Monoclonal antibodies against chicken type V collagen: production, specificity, and use for immunocytochemical localization in embryonic cornea and other organs

Two monoclonal antibodies have been produced against chick type V collagen and shown to be highly specific for separate, conformational dependent determinants within this molecule. When used for immunocytochemical tissue localization, these antibodies show that a major site for the in situ deposition of type V is within the extracellular matrices of many dense connective tissues. In these, however, it is largely in a form unavailable to the antibodies, thus requiring a specific “unmasking” treatment to obtain successful immunocytochemical staining. The specificity of these two IgG antibodies was determined by inhibition ELISA, in which only type V and no other known collagen shows inhibition. In ELISA, mixtures of the two antibodies give an additive binding reaction to the collagen, suggesting that each is against a different antigenic determinant.
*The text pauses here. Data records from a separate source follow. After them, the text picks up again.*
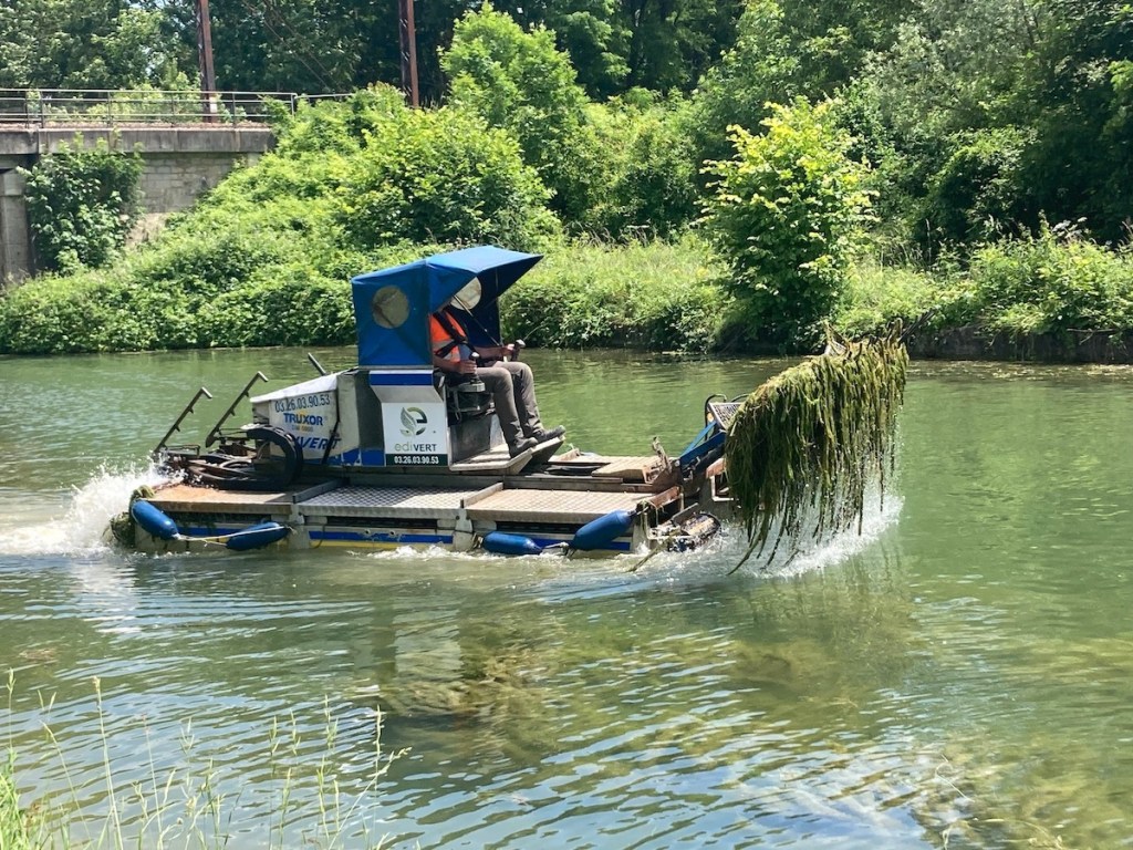 Le canal de Bourgogne, toujours – un tourisme au compte-gouttes, l’été. Quelques cyclistes qui ne s’arrêtent pas toujours, entre le château de Tanlay et celui d’Ancy-le Franc. Et plus rares encore, les bateaux. Encore faut-il qu’ils puissent naviguer, sur cette eau remplie d’algues. Justement ce matin, sur le chemin de halage, un préposé de VNF surveillait nonchalamment la machine qui extrayait les longues masses vertes… Il en faudrait bien une dizaine, pendant des jours et des jours, pour en venir à bout.
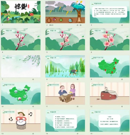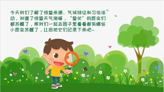 教师:刚刚小朋友们听到的雷声是春天的第一声雷,这个雷声非常的厉害哦~它能叫醒很多植物和动物。民间就有“春雷响,万物长。惊蛰节到闻雷声,震醒蛰伏越冬虫。”这样的谚语。
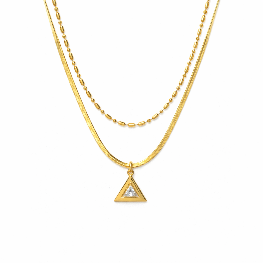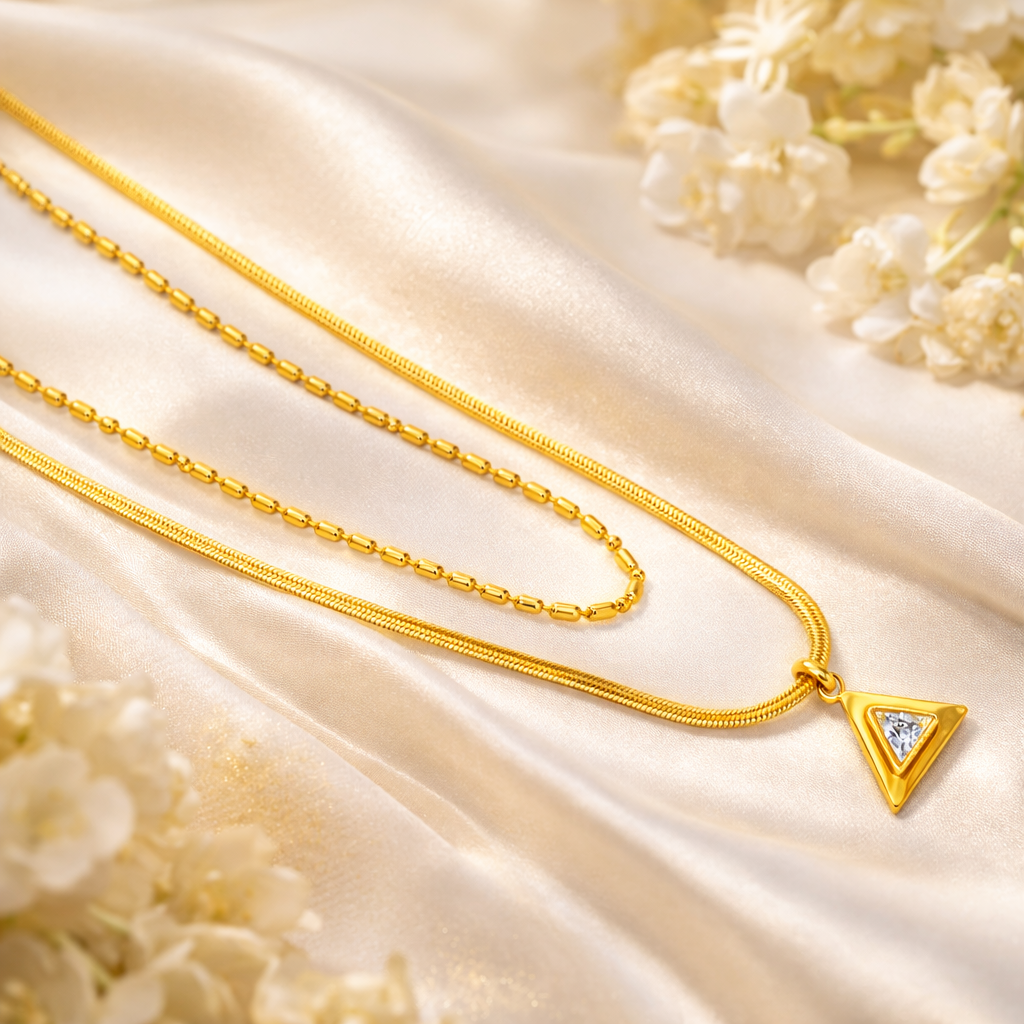 Make a bold yet elegant statement with the Trinity Glow Layered Gold Necklace. This stylish piece features a refined double-layer chain design paired with a sleek triangular pendant that holds a sparkling crystal at its center. The contrast of smooth and textured chains adds depth and modern charm, while the geometric pendant symbolizes balance and strength. Perfect for everyday wear or special occasions, this necklace effortlessly enhances both casual and dressy outfits.
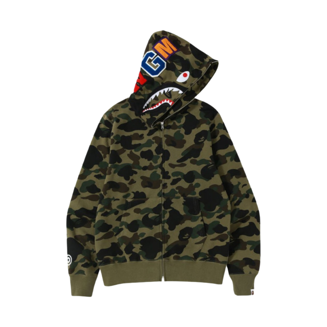 베이프 퍼스트 카모 크로쉐 샤크 풀 집 후드 그린
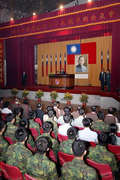 「八二三砲戰」至今已屆滿48週年,這場戰役的勝利不但奠定了台灣日後得以生存與發展的基礎,更是台海能維持長達半個世紀的和平最重要的關鍵所在。今天我們在此舉行「八二三砲戰勝利紀念大會」,除了緬懷先賢與先烈們為保國衛民所作的犧牲與奉獻外,更要記取過往歷史的教訓,和平絕不能建築在敵人的善意之上,苟且偷安最後的結果就是滅亡。唯有憑藉著堅實的國防武力,使敵人不敢越雷池一步,這才是實現永久和平唯一的選擇與屏障。
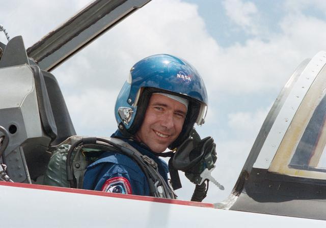 STS-28 Columbia, Orbiter Vehicle (OV) 102, Commander Brewster H. Shaw, wearing navy blue flight coveralls and helmet, sits in T-38A forward cockpit. Shaw, along with his fellow crewmembers, is preparing for departure from Ellington Field to Kennedy Space Center (KSC). STS-28, a Department of Defense (DOD) dedicated mission, is scheduled for launch on 08-08-89.
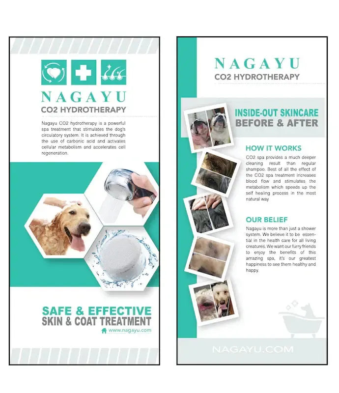 Nagayu CO2 SPA is able to decompose the body fluid that caused the odor, and give a much better cleaning than regular water. At the same time, the effect of the bicarbonate ions, hydrogen ions also wash off mineral waste and silicon dirt clogged in the hair root. This results in a full, silky, and healthy coat. We suggest to try Nagayu CO2 SPA without using the conditioner after shampoo to see the improvement on the hair condition.
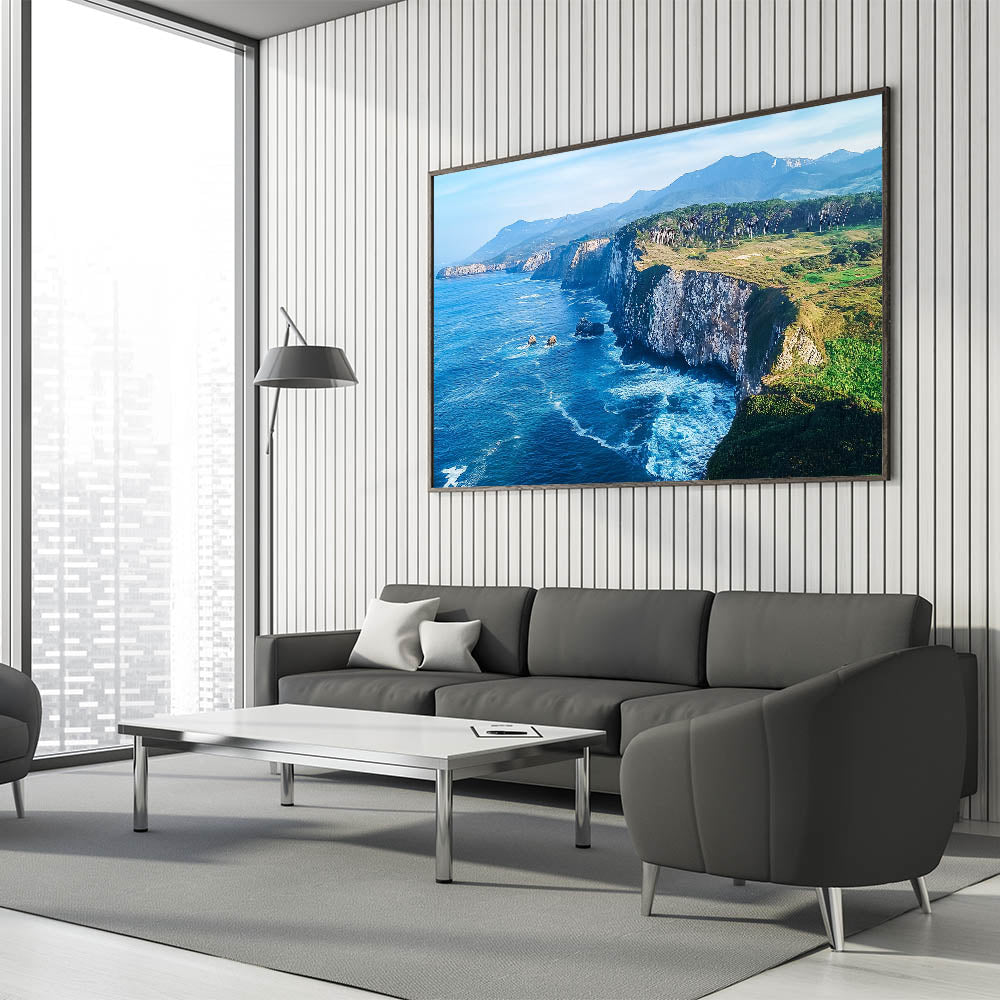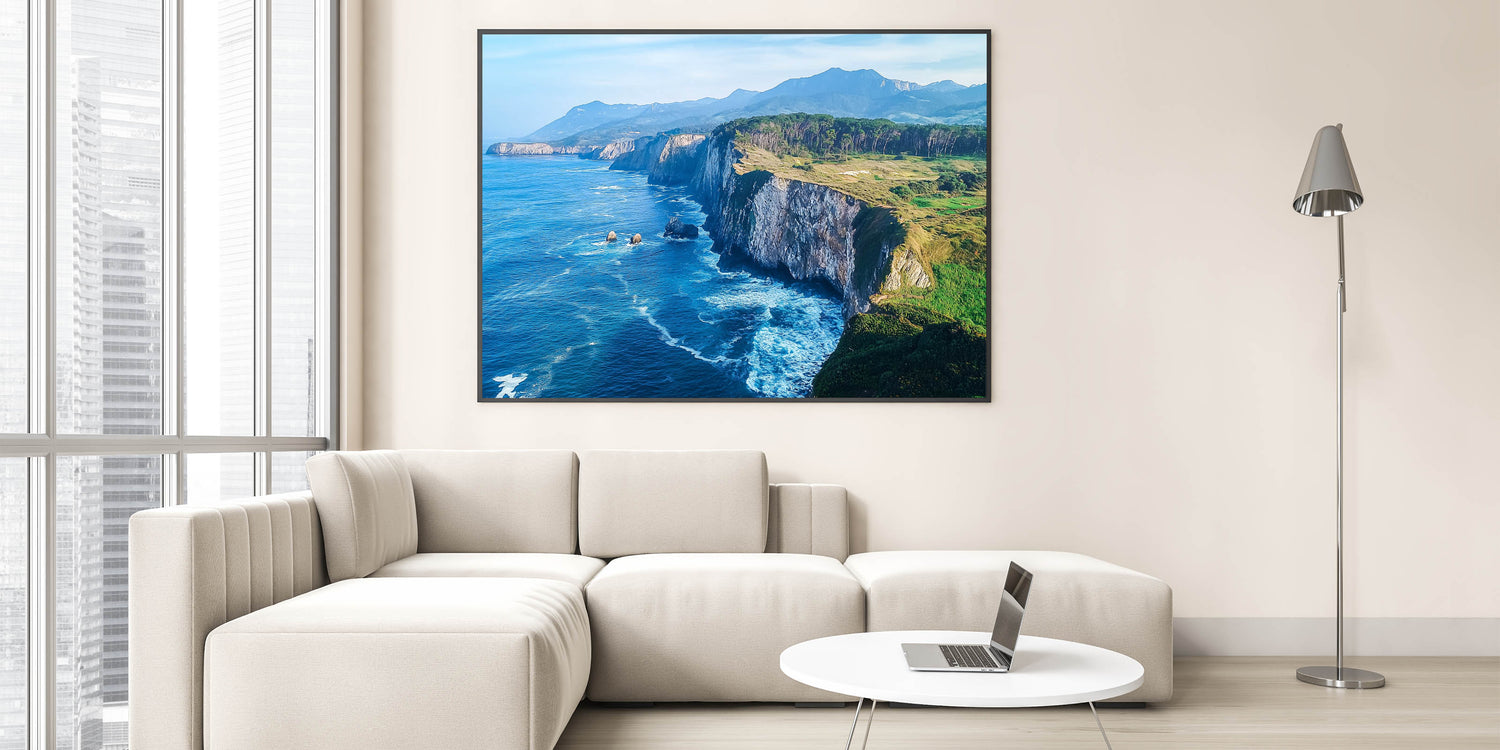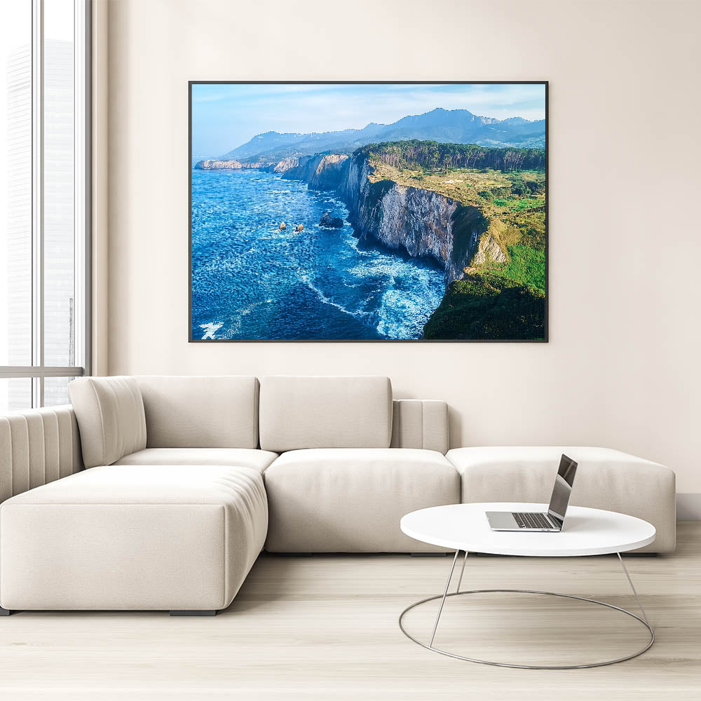 Transform your space with the serene beauty of this Scenic Cliffs Artwork, featuring dramatic coastal cliffs overlooking the expansive ocean. The vibrant blue waves crashing against the rugged shoreline create a dynamic composition, while the lush greenery adds a touch of natural elegance. Perfect for nature lovers and coastal decor enthusiasts, this artwork brings the essence of untouched landscapes into your home or office.

That both antigenic determinants are conformational dependent, being either in, or closely associated with, the collagen helix is demonstrated by the loss of antibody binding to molecules that have been thermally denatured. The temperature at which this occurs, as assayed by inhibition ELISA, is very similar to that at which the collagen helix melts, as determined by optical rotation. This gives strong additional evidence that the antibodies are directed against the collagen. The antibodies were used for indirect immunofluorescence analyses of cryostat sections of corneas and other organs from 17 to 18-day-old chick embryos. Of all tissues examined only Bowman’s membrane gave a strong staining reaction with cryostat sections of unfixed material. Staining in other areas of the cornea and in other tissues was very light or nonexistent. When, however, sections were pretreated with pepsin dissolved in dilute HAc or, surprisingly, with the dilute HAc itself dramatic new staining by the antibodies was observed in most tissues examined. The staining, which was specific for the anti-type V collagen antibodies, was largely confined to extracellular matrices of dense connective tissues. Experiments using protease inhibitors suggested that the “unmasking” did not involve proteolysis. We do not yet know the mechanism of this unmasking; however, one possibility is that the dilute acid causes swelling or conformational changes in a type-V collagen-containing supramolecular structure. Further studies should allow us to determine whether this is the case.